All codes used for genomes assembly and annotation are available on the Gitpage dedicated to the genome database project https://abims-sbr.gitlab.io/rhodoexplorer/doc/data_process/.
Rhodoexplorer Red Algal Genome Database
The main web portal (https://rhodoexplorer.sb-roscoff.fr) has been implemented using the Python web framework Django, with data stored in a relational database (PostgreSQL).

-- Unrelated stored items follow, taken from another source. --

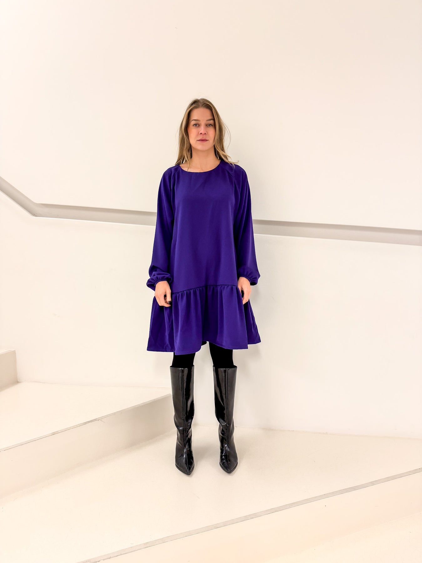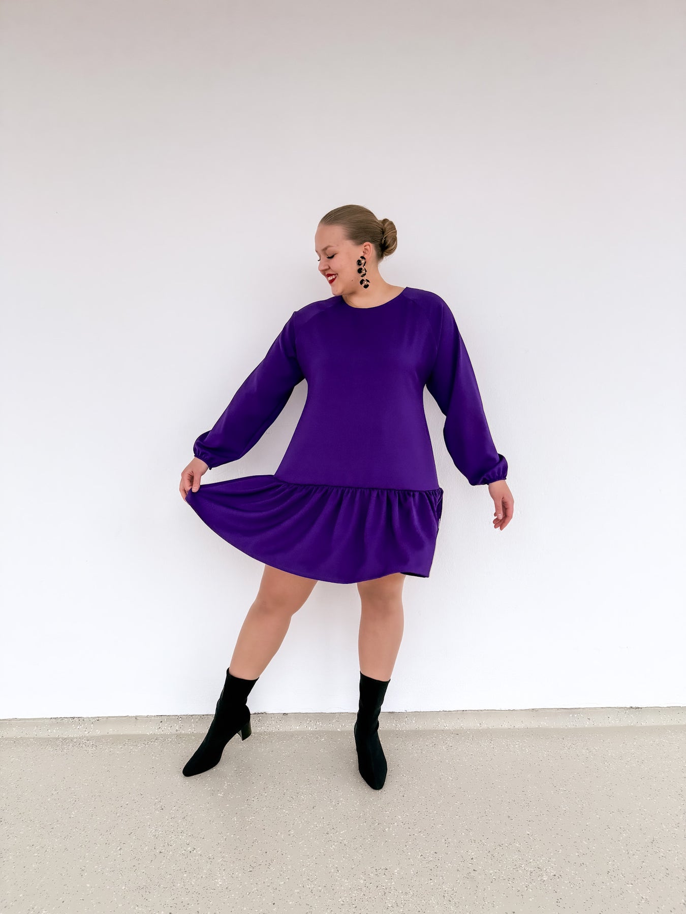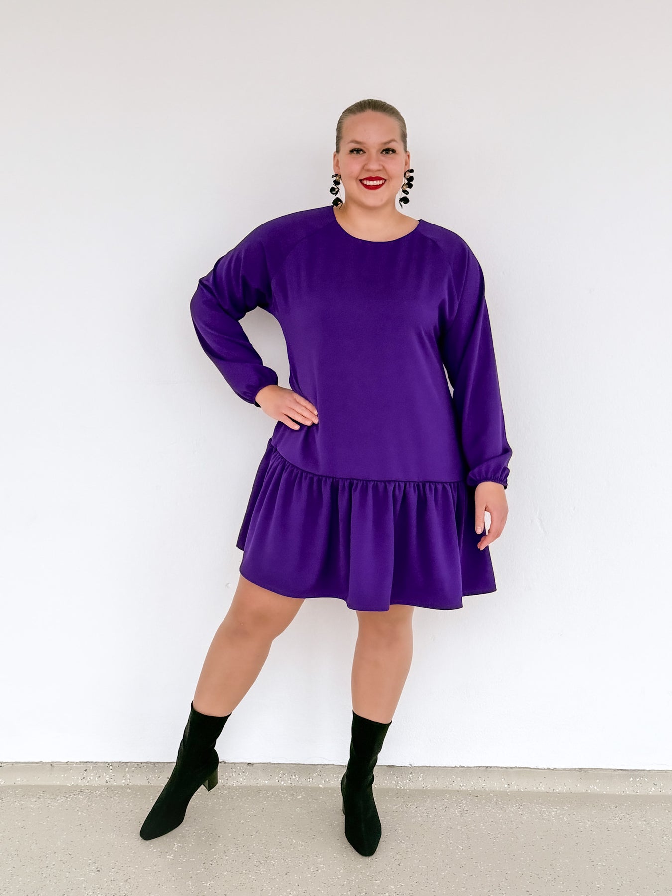 Tyylikäs, mukava ja monikäyttöinen violetin värinen mekko kotimaiselta Viljava Designilta! Ellie mekko on suunniteltu ja valmistettu Suomessa.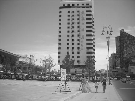 在这座东西宽达几百米的新站南侧,一栋十几层的土黄色铁道大厦沿街矗立,这栋建筑底层的许多墙皮已经剥落,露出了大片的石灰和方砖。一楼一处内凹的位置竟成了一个不大的自行车棚,不时有大厦的工作人员前来停放自行车。 在大厦的西侧,一间几平米的小屋歪歪斜斜地站着,牌子上写着“铁道大厦平价宾馆”。这一大一小两栋建筑就挡在新站前方,从街对面望去,显得十分不协调,无怪乎有的市民称新站的前方留了两块补丁。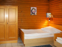 3-rums-lägenhet 75 m2, på övervåningen. Mysigt och med mycket trä inredd: vardagsrum 35 m2 med sat-TV (flatscreen TV). Utgång till balkongen. 1 rum 13 m2 med 1 dubbelsäng (180 cm, längd 200 cm). 1 rum 9 m2 med 2 sängar (90 cm, längd 200 cm). Öppet kök 9 m2 (4 kokplattor, ugn, diskmaskin, vattenkokare, elektrisk kaffemaskin, kombinerad mikrovågsugn) med matbord. Dusch/toalett. Gasuppvärmning. Stor balkong 20 m2, sydläge. Balkongmöbler. Vacker utsikt på bergen. Till förfogande: hårtork. Internet (Trådlös LAN [WLAN] , gratis). Notera: rökfri lägenhet. Privat entré, privat entré, brandvarnare, brandsläckare. Balkong delvis täckt. Sjö 150 m.- Utrustning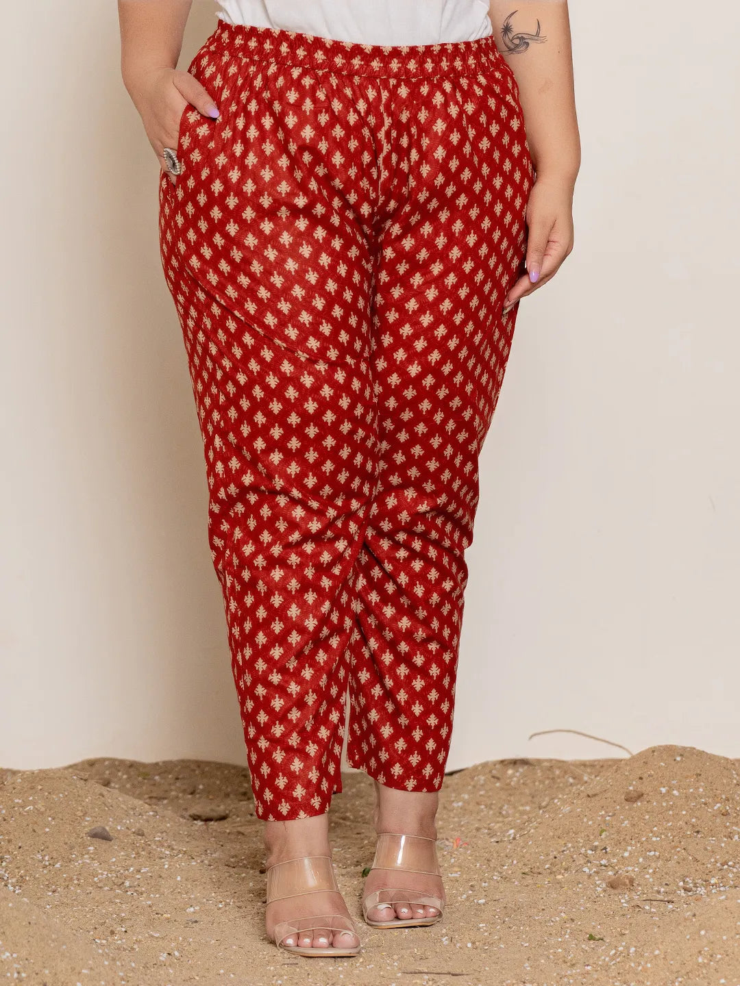 Maroon Embroidered Cotton Plus Size Kurta Dupatta Set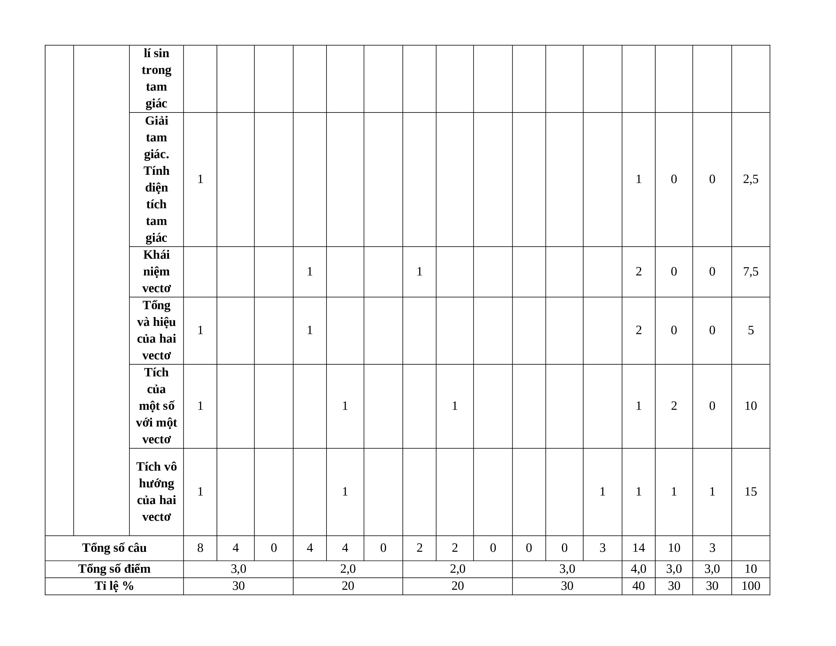 * Ma trận trên tạm thời ghi số điểm (giả định) ứng với mỗi ý hỏi của trắc nghiệm đúng sai, trên thực tế số điểm còn phụ thuộc vào số ý hỏi mà thí
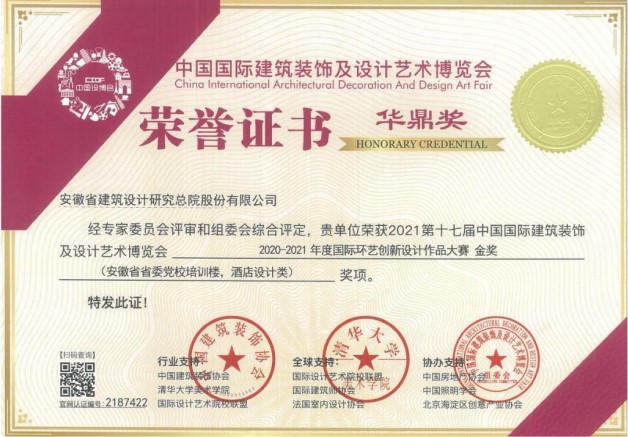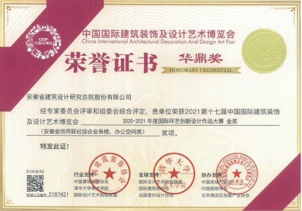 近日,公司建筑裝飾設計院在2021第十七屆中國國際建筑裝飾及設計藝術(shù)博覽會(huì )(華鼎獎)國際環(huán)藝創(chuàng )新設計作品大賽中,榮獲“2020-2021年度國際環(huán)藝創(chuàng )新設計作品大賽”酒店設計類(lèi)金獎(安徽省省委黨校培訓樓項目)、辦公空間類(lèi)金獎(安徽省信用聯(lián)社綜合業(yè)務(wù)樓項目)兩項榮譽(yù)。

For each red algal species, an integrated environment of visualization tools has been deployed based on the Galaxy Genome Annotation (GGA) project (Bretaudeau et al. 2019). Each GGA environment deployed for the Rhodoexplorer database includes the following: Chado, a PostgreSQL relational database schema for storing biological data (Mungall et al. 2007); JBrowse, a web-based genome browser (Buels et al. 2016); Tripal, a Drupal-based application for creating biological websites (Sanderson et al. 2013); Elasticsearch, a distributed, free, and open search and analytics engine for all types of data (https://www.elastic.co/products/elasticsearch); and Galaxy, a browser-accessible workbench for scientific computing used as a data loading orchestrator for administrators (The Galaxy Community 2022). To facilitate the deployment and the administration of the GGA service, a set of Python tools has been developed (http://gitlab.sb-roscoff.fr/abims/e-infra/gga_load_data) allowing mass deployment of Docker containers and automated data loading through Galaxy with the Bioblend API (Sloggett et al 2013).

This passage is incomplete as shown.